WORK INSTRUCTION
Transcribe the stretch of entries below from the line with "(double handle) Beloved" through the line with "Пусть функция y=f(x)", exactly and with both ends included; leave out all other lines.

EXTRACTED MATERIAL
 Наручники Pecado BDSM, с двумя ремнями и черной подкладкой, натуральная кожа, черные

--

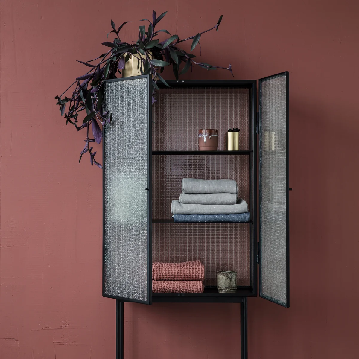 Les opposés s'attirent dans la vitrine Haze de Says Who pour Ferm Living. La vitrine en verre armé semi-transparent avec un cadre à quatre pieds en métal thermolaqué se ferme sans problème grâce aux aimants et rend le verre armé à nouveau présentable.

--

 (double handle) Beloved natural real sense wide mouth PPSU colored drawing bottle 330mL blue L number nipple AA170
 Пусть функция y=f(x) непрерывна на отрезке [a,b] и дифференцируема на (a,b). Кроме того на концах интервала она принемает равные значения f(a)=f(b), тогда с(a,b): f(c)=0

TASK RESULT
 (double handle) Beloved natural real sense wide mouth PPSU colored drawing bottle 330mL blue L number nipple AA170
 Пусть функция y=f(x) непрерывна на отрезке [a,b] и дифференцируема на (a,b). Кроме того на концах интервала она принемает равные значения f(a)=f(b), тогда с(a,b): f(c)=0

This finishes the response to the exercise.